Now that the pull request for Bickelhaupt method was sent out last Friday, I continued by writing a simple extension for the automated testing (Travis CI) currently utilized by cclib. In an essence, I added Bickelhaupt method to the list of the methods that are checked in automated testing on whether 1) the sum of the individual charges match the expected total charge, 2) the sum of the spins match the expected total spin. It has been pretty straightforward addition to last week’s task.

It was deemed from last Friday’s daily discussion that we should confirm whether the weights for the Bickelhaupt charges should be calculated separately for alpha and beta orbitals or not, so I have went on and wrote an email to Professor Bickelhaupt to make sure.

During the daily discussion last Friday, Professor Hutchison suggested that I research whether it would make sense to create a bridge to Horton for Hirshfeld / ISA charges, because Horton is going through a major change as they move from Horton2 to Horton3.

From what is recognized in their documentation and Git repositories, it looks like Horton2 had all relevant routines / classes in a single package / repository. They are splitting those into different repositories / packages where each independently performs different tasks. Current code relevant to stockholder type charges are copied in theochem/denspart_horton2. New repository (theochem/denspart) is not populated with a working code yet.

Calculation routine with denspart_horton2 involve first creating a pro-atomic density.

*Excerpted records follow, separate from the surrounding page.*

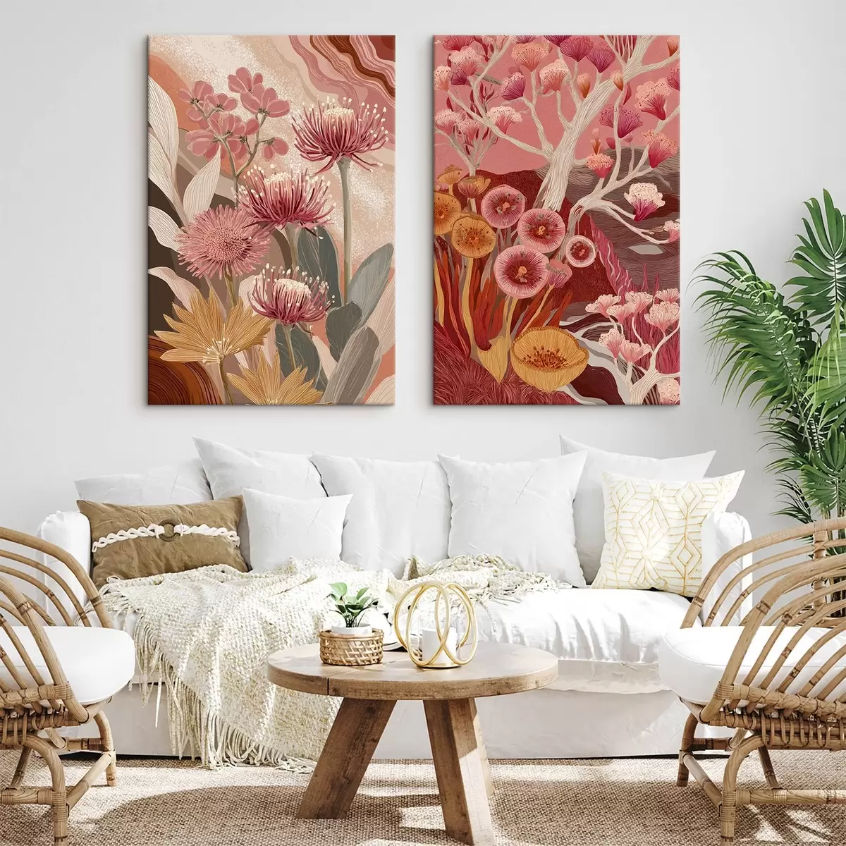 Schilderijen Boho stijl bloemen, gedetailleerde tekening, bordeauxrode kleuren m00476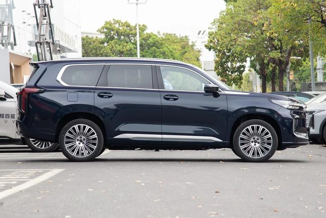 下方两侧还配备了回旋镖样式的银色装饰件,并且还有垂直样式的雾灯,整个车头看起来比较大气稳重。车身侧面同样也是如此,作为中大型SUV,整体设计走的是实用居家的风格。车顶上方的线条比较平直,显然也是照顾到了第三排的头部空间,配备的20英寸多幅式轮毂看起来也比较有档次。车窗周围以及车门下方都加入了大面积银色饰条进行修饰,车顶配备了行李架,而且采用传统机械式门把手。
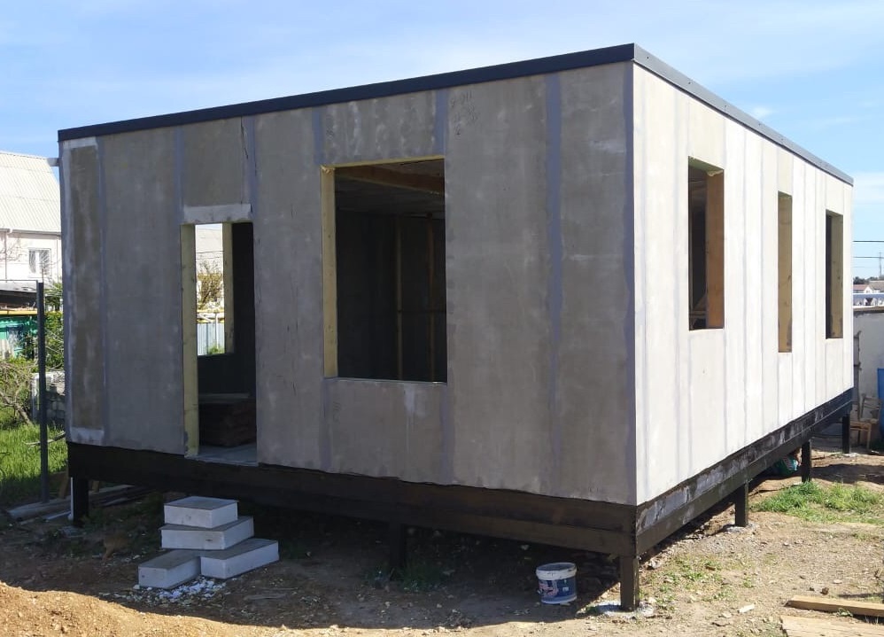 Ростверк изготовлен из калиброванного клееного бруса и защищен снаружи цементно-стружечной плитой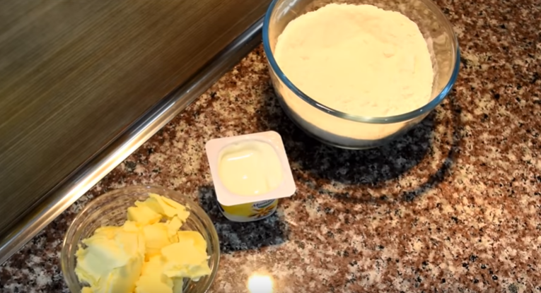 • نأخذ الزبدة في اناء ونضيف عليها الياغورت ثم الدقيق تدريجيا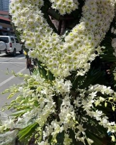 Heart-shaped easel spray with orchids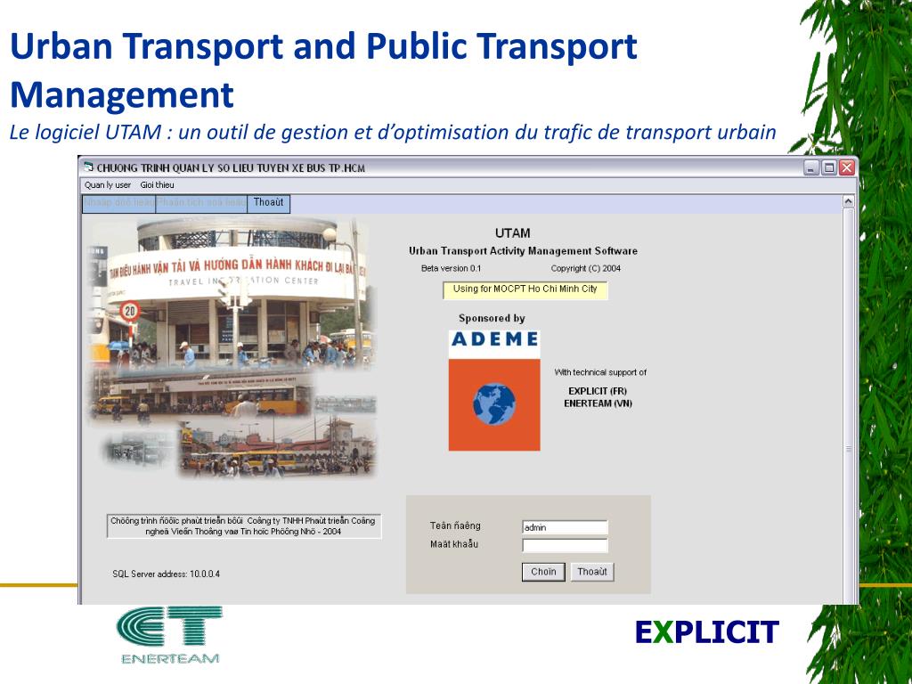 Urban Transport and Public Transport ManagementLe logiciel UTAM : un outil de gestion et d’optimisation du trafic de transport urbain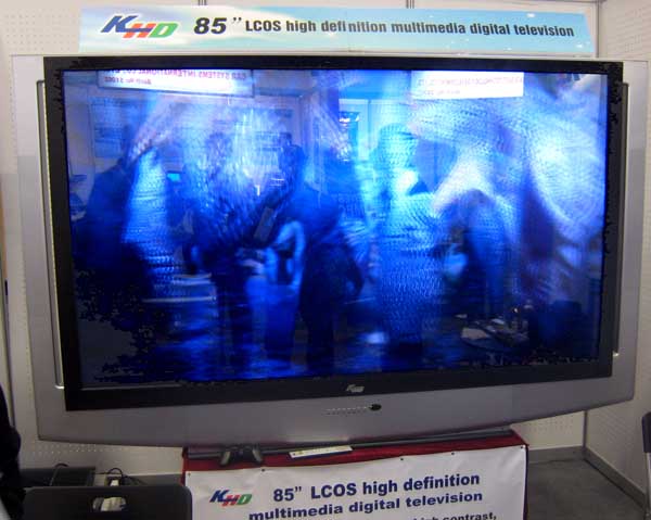 | No, this is not an 85" SXRD TV from Sony, even though it is styled similarly. It is, however an 85" LCOS TV from KHD. Uses a 200W UHP lamp and is 28" deep. Vendor thinks retail will be between $12 - 18K. |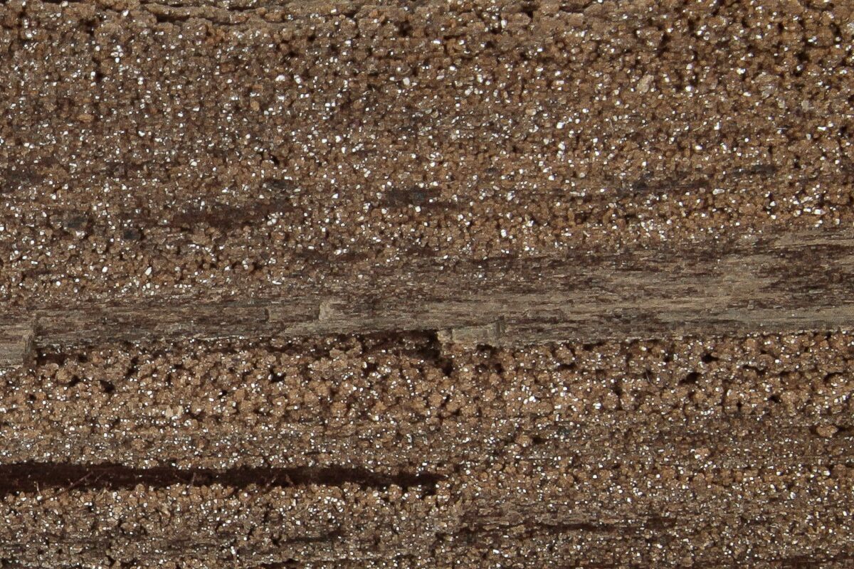 This is a 3.4" wide section of permineralized wood from Zwenkau, Germany. This resulted in very detailed preservation that makes this petrified wood specimen look as if it's ready to be thrown on the fire. The sparkles that can be seen in the photos are a result of druzy quartz that encrusts much of the wood.

This information needs to created in advance and is stored in ProAtomDB class where each atom’s information is compiled as an instance of ProAtomRecord object. This information, along with following data about the molecule itself, are fed into different calculations.

  1. WPart base class
    1. coordinates: cartesian coordinates of the constituent atoms
    2. numbers: atomic numbers of the constituent atoms
    3. pseudo_numbers: effective charges of constituent atoms (zero for ghost atoms)
    4. grid: integration grid, UniformGrid object in horton.grid.cext as in horton.horton.io.cube.py:38-57 or BeckeMolGrid was built in horton.scripts.horton-wpart.py:115.
    5. moldens: electron density on a grid calculated from the density matrix. Horton calculates this on horton.horton.gbasis.cext.pyx:1204-1233. Maybe depending on horton2 for this method is not a good idea since gbasis for horton3 is being developed separately.
    6. spindens: (optional); spin density on the grid.
  2. ProAtomDB class [Hirshfeld, Hirshfeld-I, MBIS]
    1. ProAtomRecord class for individual atoms
      1. number: see 1.2
      2. charge: net charge of atom (proatom density differs between atoms of different charge; Hirshfeld method has an ambiguity in this respect. Iterative methods remove this issue.)
      3. energy: total energy of proatom
      4. rgrid and rho: radial grid of electron density and density itself
  3. maxiter and threshold for iterative calculation [Hirshfeld-I, ISA, MBIS]

Most information should be directly retrievable from cclib’s parsed data. There needs to be some decisions made on how to deal with grid object and molden object (whether to invoke horton2 or not) and how to work out with ProAtomDB object. Otherwise, it should be fairly straightforward mapping between structures used in each of the packages.